● **EXERCISE DIRECTIONS**
Where an entry contains an image, skip the image and print the rest exactly.

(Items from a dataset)
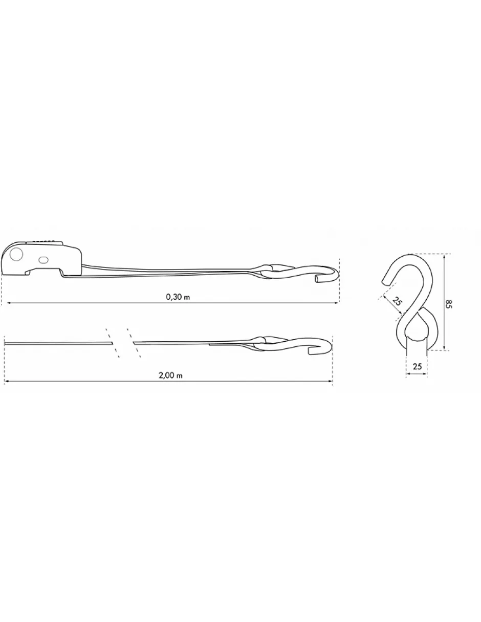 Sangle polyester 25mm x 2,00m à boucle autobloquante avec crochets S caoutchoutés.
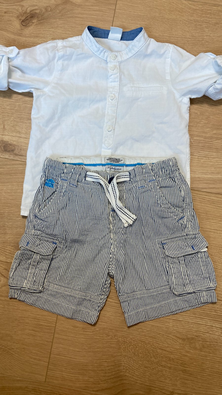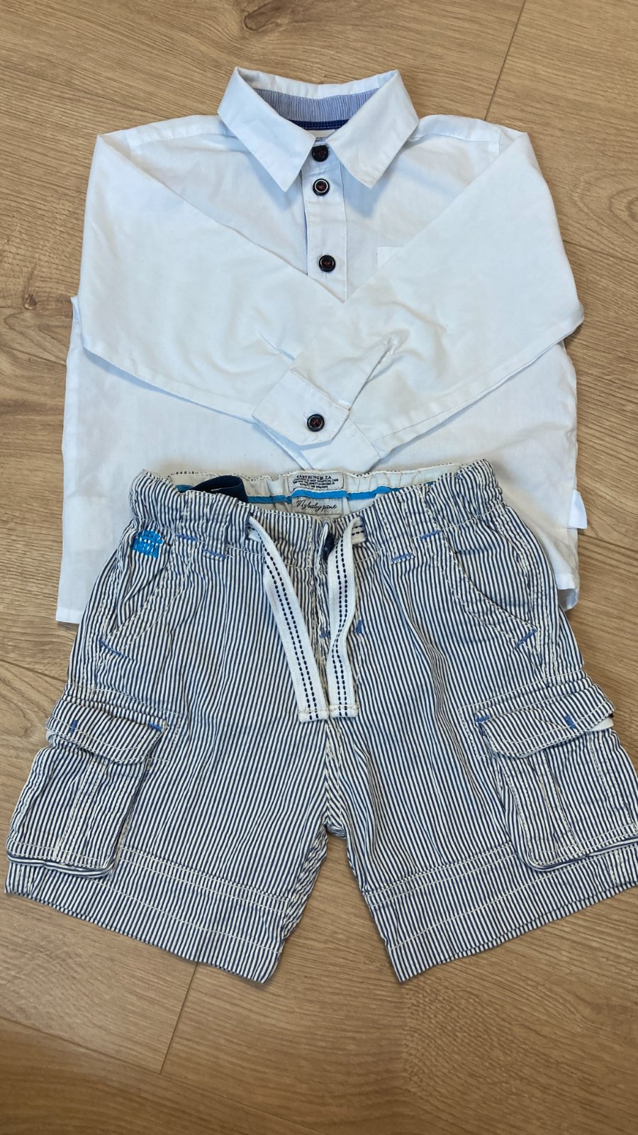 V ponuke mám aj 2 biele košele, ktoré syn nosil spolu s kraťasmi.
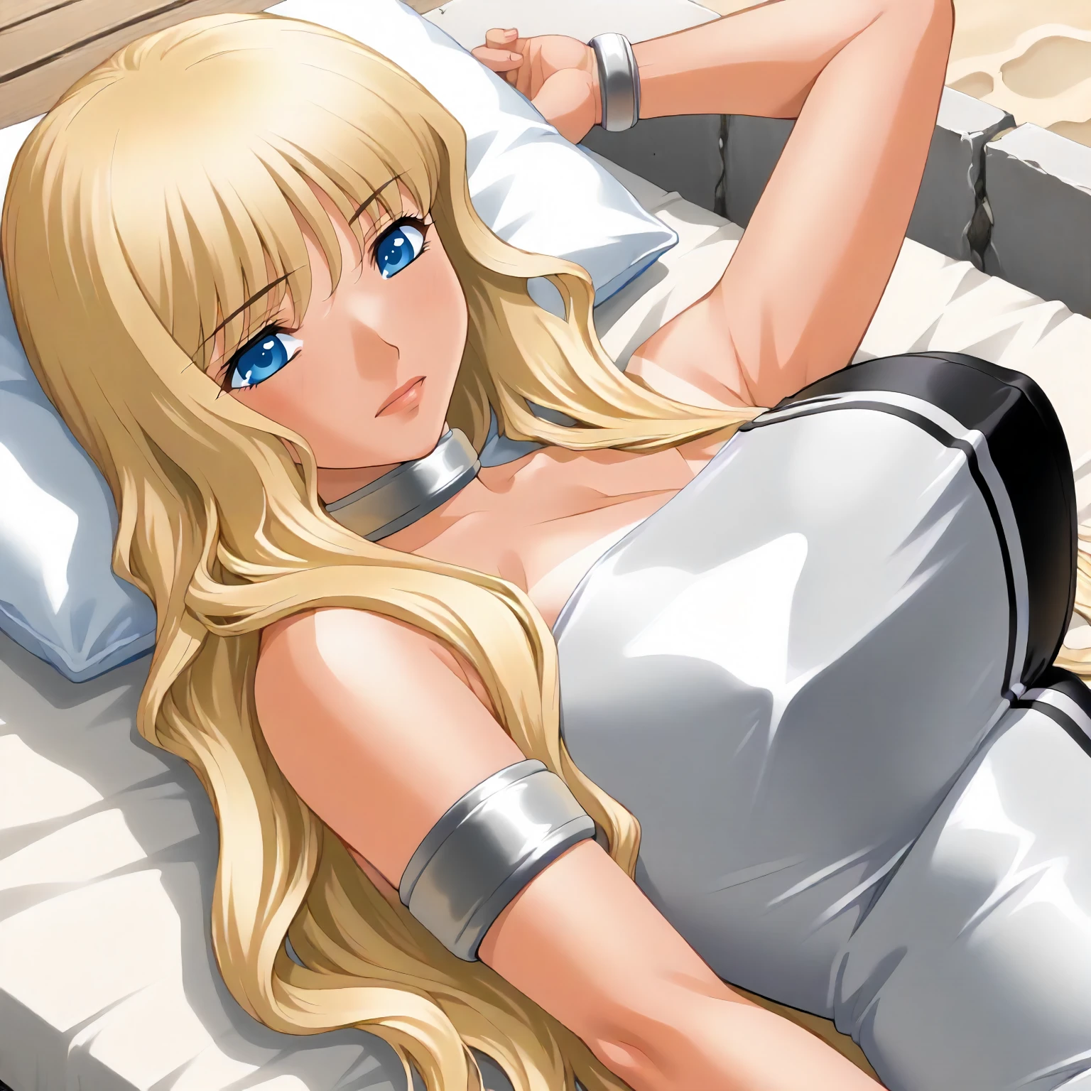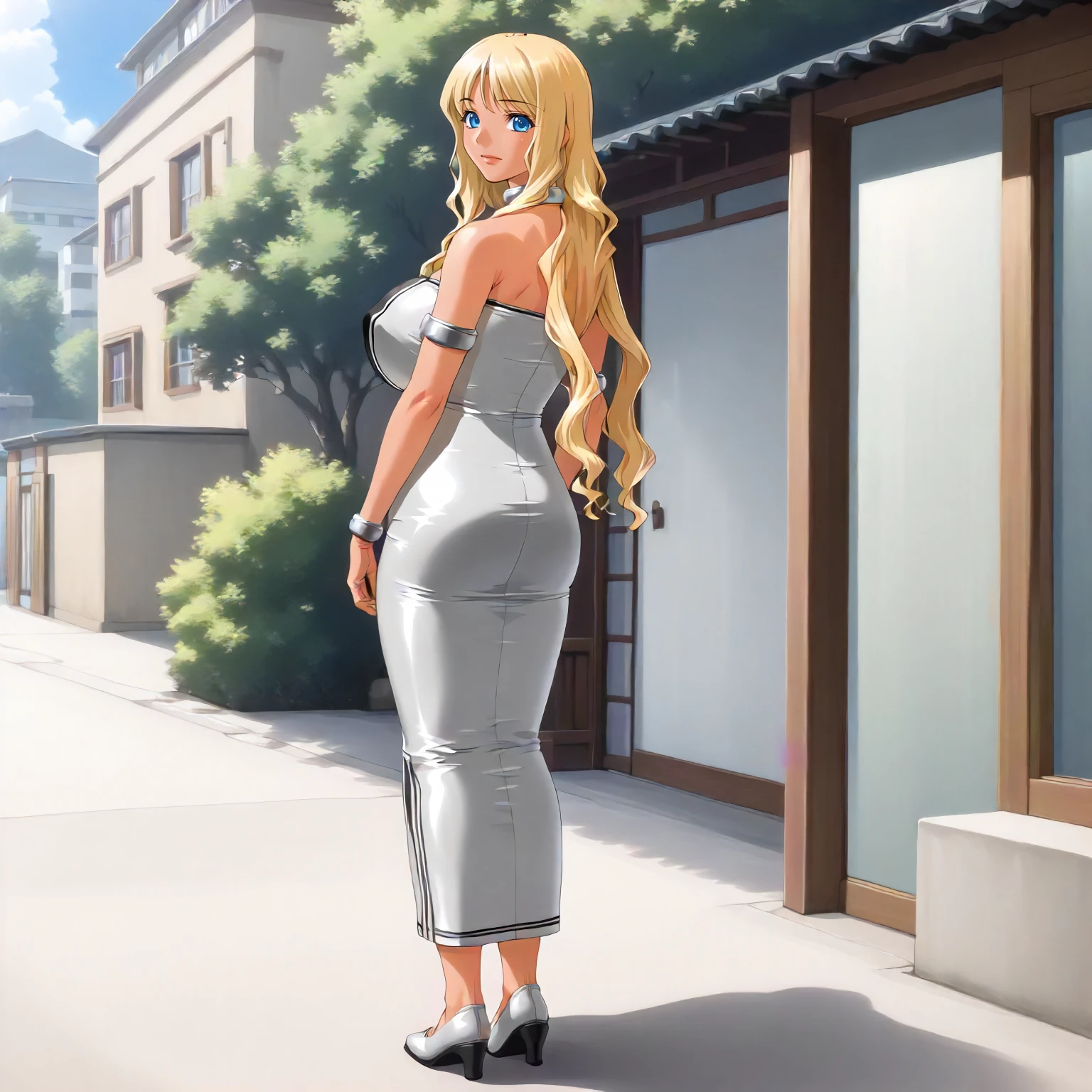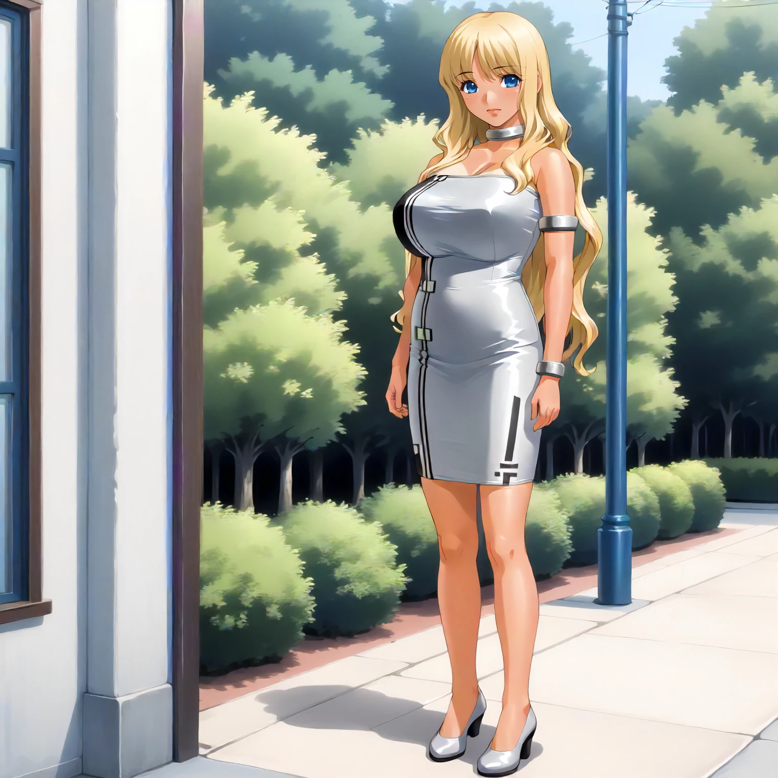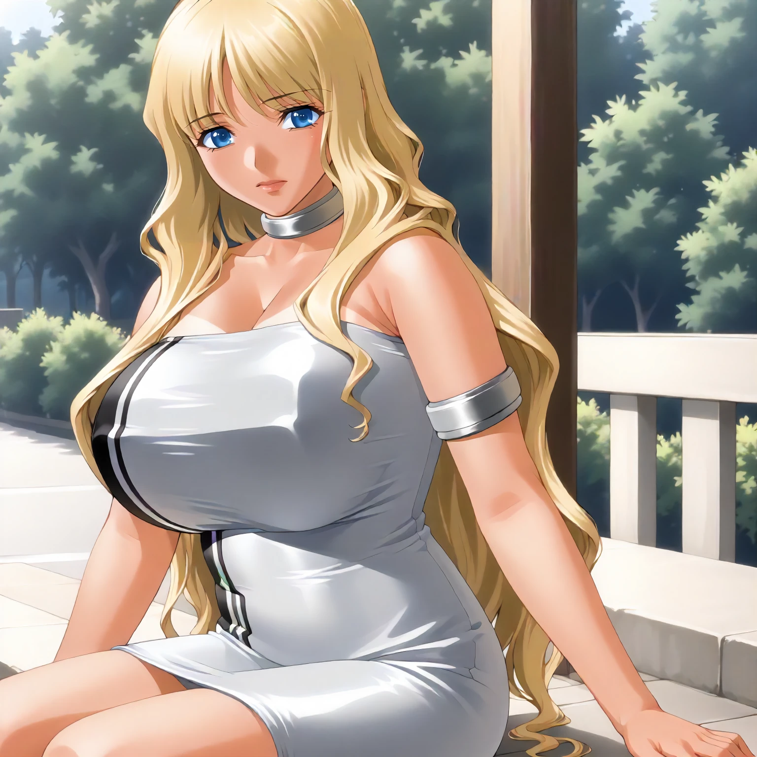 TokikoHanamaru,1girl,mature female,blonde hair,long hair,bangs,blue eyes,tan,
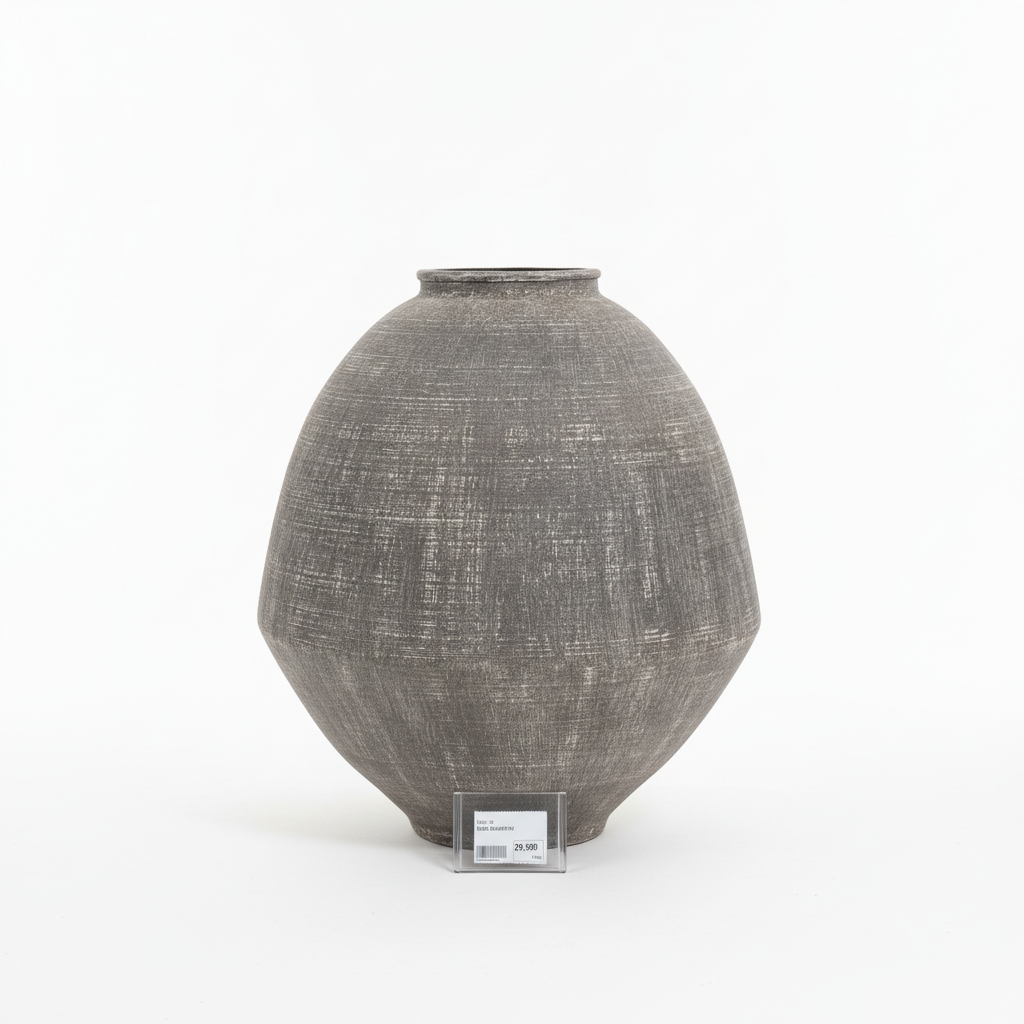 Kjo vazo dekorative e madhe rrethore gri sjell një prekje moderne dhe elegante në çdo ambient. Sipërfaqja me teksturë dhe hapja e ngushtë në pjesën e sipërme e bëjnë ideale për dekor minimal ose si objekt theksues në dhomë.
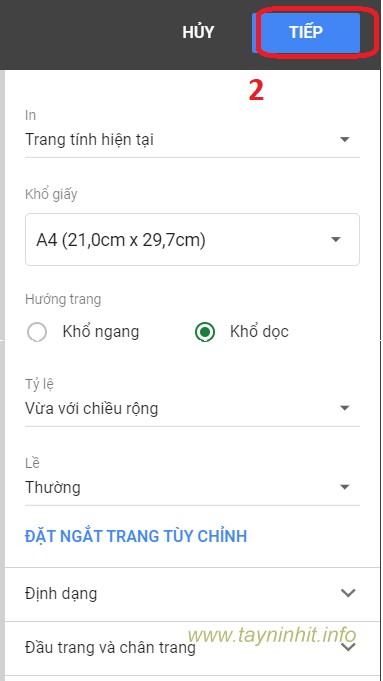 - Bước 2: Xuất hiện cửa sổ xem trước bản in chúng ta có thể tùy chọn các trang in hoặc khổ giấy in..., phía bên phải màn hình chọn Tiếp
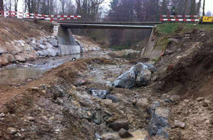 Die Realisierung erfolgte in enger Begleitung der entsprechenden Fachpersonen und mit baulichen Vorkehrungen, damit die Ufermauern und Sohlrampen erstellt werden konnten.
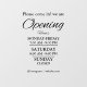 A simple custom business opening hours vinyl window cling decal sign template in a modern minimalist style on a black background. This versatile template allows you to easily design a custom opening times list for your store, salon, restaurant, cafe or any other business. Need help? Feel free to contact me using the message button. I am happy to help with your personalisation, additional items or custom orders.
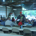 About a half dozen planes flew in for breakfast. The crowd of local generous guests started to fill the large hangar around 8:30 and kept coming until after 10:00 with service until 11:00.
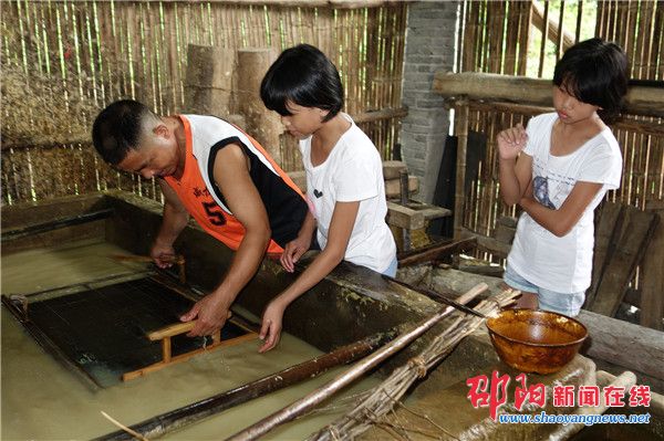 李志军正在指导刘雅瑜、刘雅珊姐妹俩学习抄纸。几乎每个月,都有学生来此手工纸坊体验古老工艺的魅力。

● **RESPONSE TO THE TASK**
 Sangle polyester 25mm x 2,00m à boucle autobloquante avec crochets S caoutchoutés.
 V ponuke mám aj 2 biele košele, ktoré syn nosil spolu s kraťasmi.
 TokikoHanamaru,1girl,mature female,blonde hair,long hair,bangs,blue eyes,tan,
 Kjo vazo dekorative e madhe rrethore gri sjell një prekje moderne dhe elegante në çdo ambient. Sipërfaqja me teksturë dhe hapja e ngushtë në pjesën e sipërme e bëjnë ideale për dekor minimal ose si objekt theksues në dhomë.
 - Bước 2: Xuất hiện cửa sổ xem trước bản in chúng ta có thể tùy chọn các trang in hoặc khổ giấy in..., phía bên phải màn hình chọn Tiếp
 Die Realisierung erfolgte in enger Begleitung der entsprechenden Fachpersonen und mit baulichen Vorkehrungen, damit die Ufermauern und Sohlrampen erstellt werden konnten.
 A simple custom business opening hours vinyl window cling decal sign template in a modern minimalist style on a black background. This versatile template allows you to easily design a custom opening times list for your store, salon, restaurant, cafe or any other business. Need help? Feel free to contact me using the message button. I am happy to help with your personalisation, additional items or custom orders.
 About a half dozen planes flew in for breakfast. The crowd of local generous guests started to fill the large hangar around 8:30 and kept coming until after 10:00 with service until 11:00.
 李志军正在指导刘雅瑜、刘雅珊姐妹俩学习抄纸。几乎每个月,都有学生来此手工纸坊体验古老工艺的魅力。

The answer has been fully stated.